WORK TO BE COMPLETED :: Extract, exactly as written, each line from the start of the records below to the line containing "Цифровые КМОП схемы", both ends included; drop the pictures.

MATERIAL PROVIDED ::
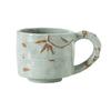 Ceramic Coffee Cup Handmade Rose Bamboo Leaf Embossed Pattern Mug 290ml Rustic Textured Mug Microwave Oven Safe Stackable Gift for Coffee Lovers
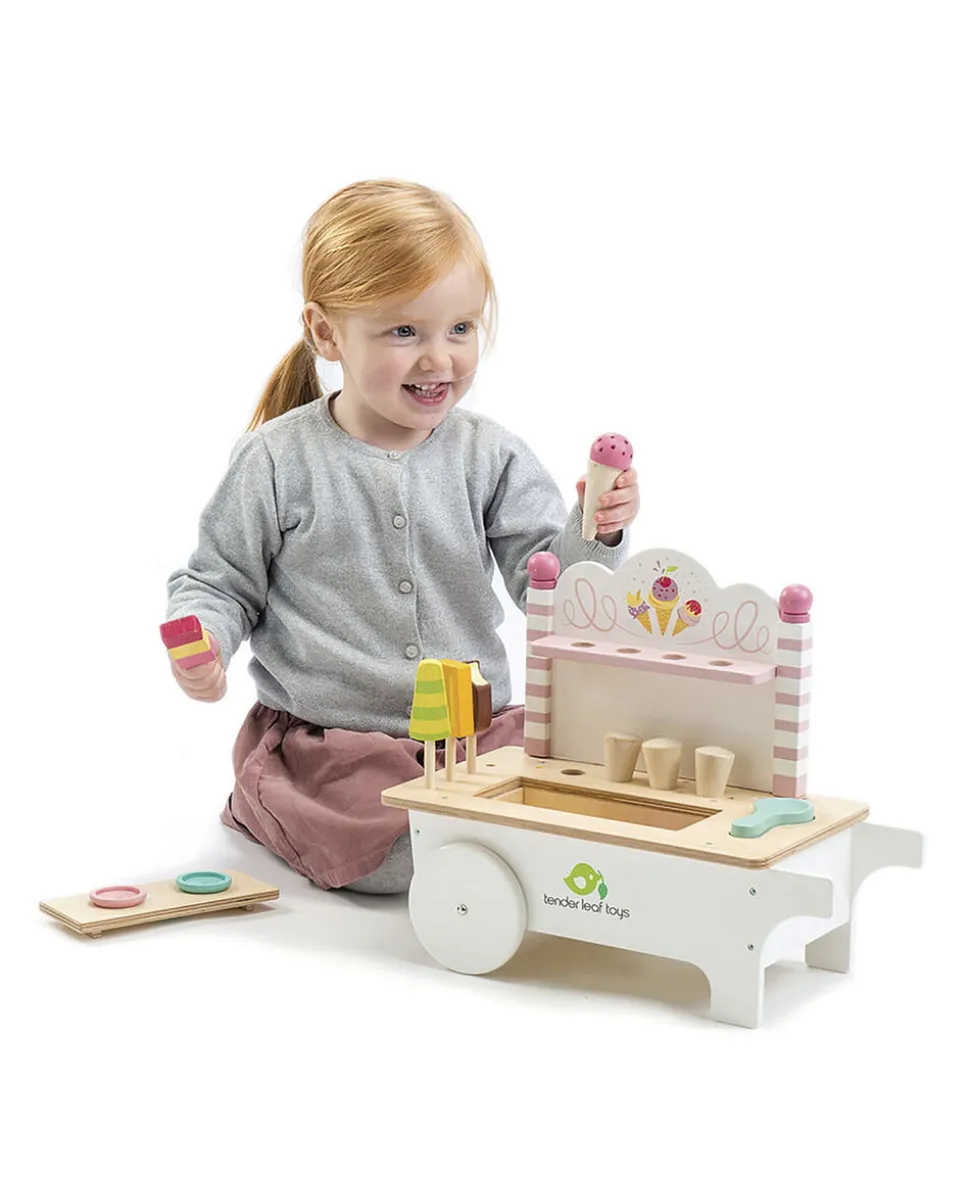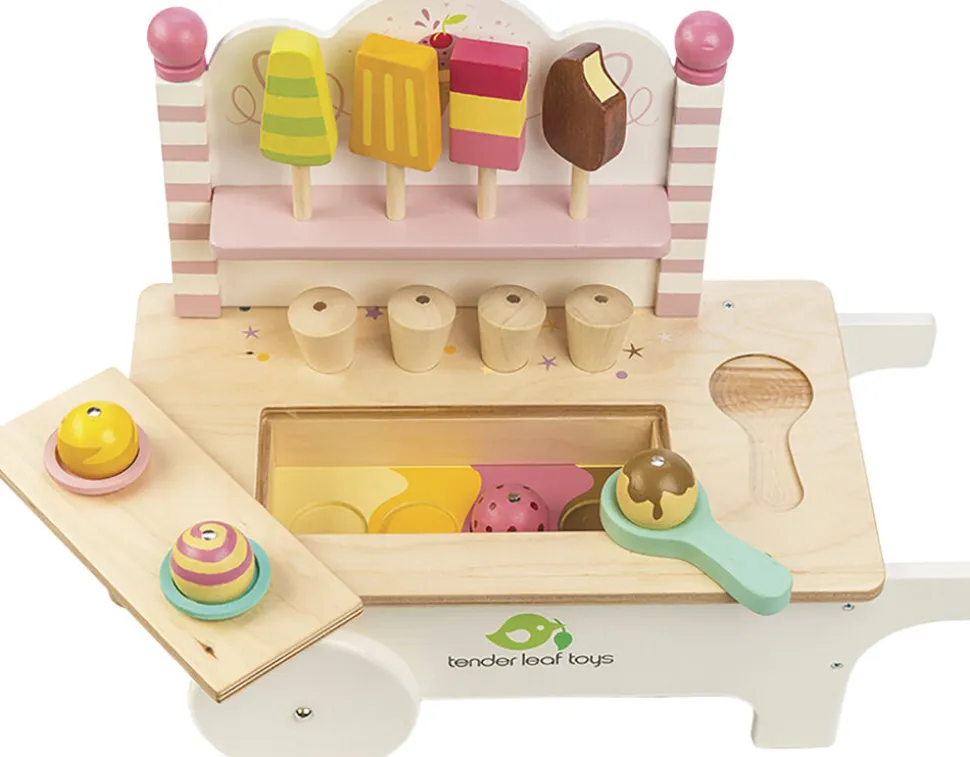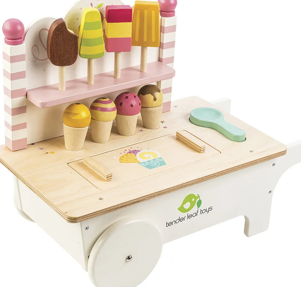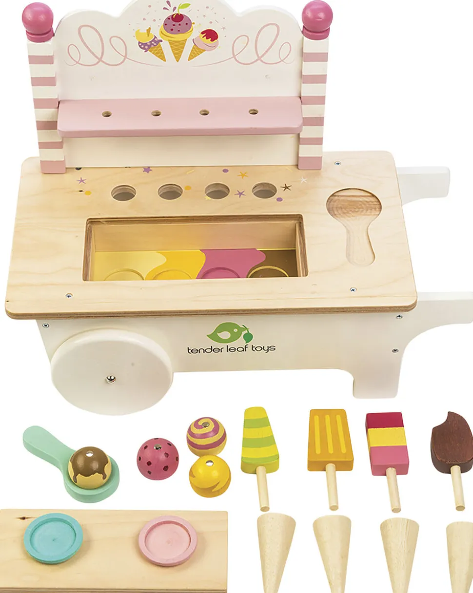 4 ispinde af træ, 4 kræmmerhuse, 4 farverige iskugler med magneter, en magnetisk isske og et aftageligt låg, hvorunder man kan opbevare alle isene.
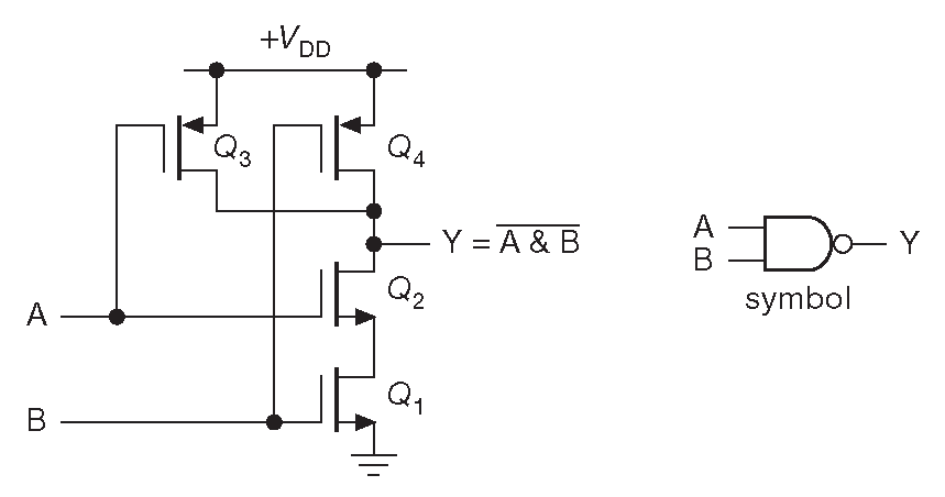 Цифровые КМОП схемы разбираются в материале, посвященном логическим схемам и процессорам ( Части 10 и далее ). На данный момент понятно, что КМОП - молопотребляющие схемы с нулевым током покоя, высокоимпедансным входом и низкоомным выходом, переключающиеся между уровнями питания. Но трудно удержаться от того, чтобы не показать ещё одну КМОП схему ( рис. 3.91 ). Это логический вентиль «И-НЕ». Его выход переходит в НИЗКОЕ состояние, только когда на входе «A» И на входе «B» одновременно ВЫСОКИЙ уровень. Принцип работы понять неожиданно легко. Если «A» и «B» оба ВЫСОКИЕ, последовательные n-МОП транзисторы \(Q_1\) и \(Q_2\) находятся во ВКЛЮЧЁННОМ состоянии и замыкают выход на землю, а p-МОП \(Q_3\) и \(Q_4\) ВЫКЛЮЧЕНЫ, т.е. ток через них не течёт. Но если на «A» ИЛИ «B» ( или на обоих разом ) НИЗКИЙ уровень, то соответствующий p-МОП транзистор включается, а n-МОП выключается. В результате ток через последовательное соединение \(Q_1Q_2\) не течёт, а \(Q_3\) или \(Q_4\) ( или оба ) подтягивают выход к ВЫСОКОМУ уровню.
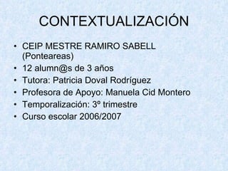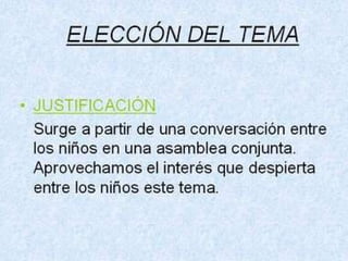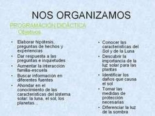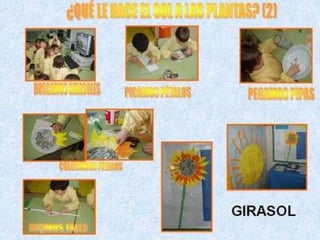Este documento presenta un proyecto escolar realizado por 12 estudiantes de 3 años de edad sobre el sol. El proyecto incluyó actividades como dibujar y escribir sobre el sol, recortar y pegar, armar maquetas, jugar con sombras y aprender sobre la importancia de usar gafas de sol. El objetivo fue corregir ideas previas erróneas de los estudiantes sobre el sol y enseñarles información correcta, como que el sol es una estrella y no una bola de fuego o bomba.
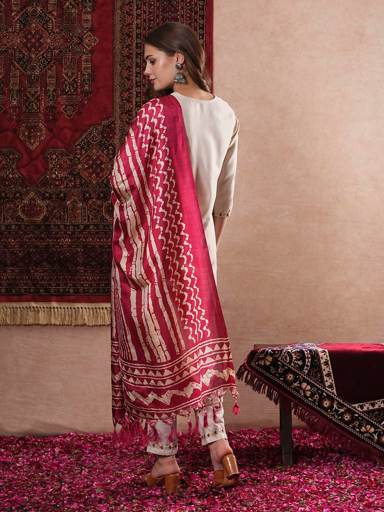 Anni Designer Women'S Cotton Blend Straight Embroidered Kurta With Pant & Dupatta (Dd Beige-Vks07_Xl_Beige_X-Large)
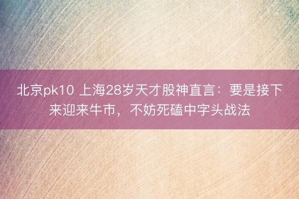 北京pk10 上海28岁天才股神直言:要是接下来迎来牛市,不妨死磕中字头战法
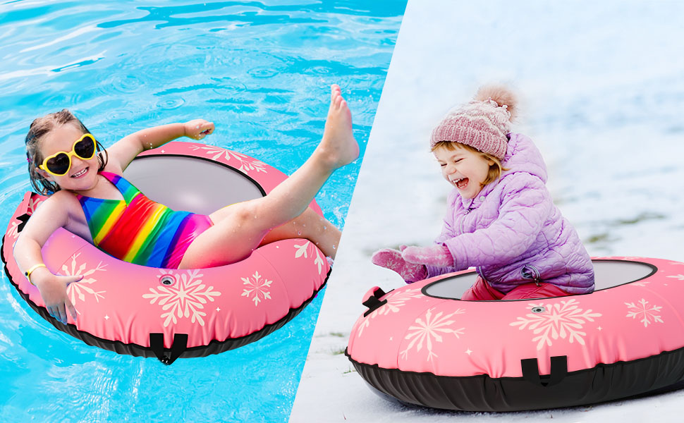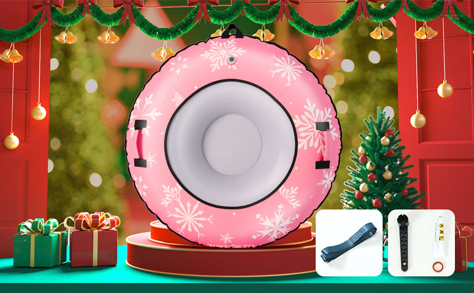 Canvas Cover, Snow Tube,ToolsOur 42" heavy duty inflatable snow tube is designed for both kids and adults who love winter sledding. Built with a durable PVC inner tube and a tear-resistant 600D canvas cover, this snow tube delivers stability, speed, and long-lasting performance on snowy hills.

WRITTEN ANSWER ::
 Ceramic Coffee Cup Handmade Rose Bamboo Leaf Embossed Pattern Mug 290ml Rustic Textured Mug Microwave Oven Safe Stackable Gift for Coffee Lovers
 4 ispinde af træ, 4 kræmmerhuse, 4 farverige iskugler med magneter, en magnetisk isske og et aftageligt låg, hvorunder man kan opbevare alle isene.
 Цифровые КМОП схемы разбираются в материале, посвященном логическим схемам и процессорам ( Части 10 и далее ). На данный момент понятно, что КМОП - молопотребляющие схемы с нулевым током покоя, высокоимпедансным входом и низкоомным выходом, переключающиеся между уровнями питания. Но трудно удержаться от того, чтобы не показать ещё одну КМОП схему ( рис. 3.91 ). Это логический вентиль «И-НЕ». Его выход переходит в НИЗКОЕ состояние, только когда на входе «A» И на входе «B» одновременно ВЫСОКИЙ уровень. Принцип работы понять неожиданно легко. Если «A» и «B» оба ВЫСОКИЕ, последовательные n-МОП транзисторы \(Q_1\) и \(Q_2\) находятся во ВКЛЮЧЁННОМ состоянии и замыкают выход на землю, а p-МОП \(Q_3\) и \(Q_4\) ВЫКЛЮЧЕНЫ, т.е. ток через них не течёт. Но если на «A» ИЛИ «B» ( или на обоих разом ) НИЗКИЙ уровень, то соответствующий p-МОП транзистор включается, а n-МОП выключается. В результате ток через последовательное соединение \(Q_1Q_2\) не течёт, а \(Q_3\) или \(Q_4\) ( или оба ) подтягивают выход к ВЫСОКОМУ уровню.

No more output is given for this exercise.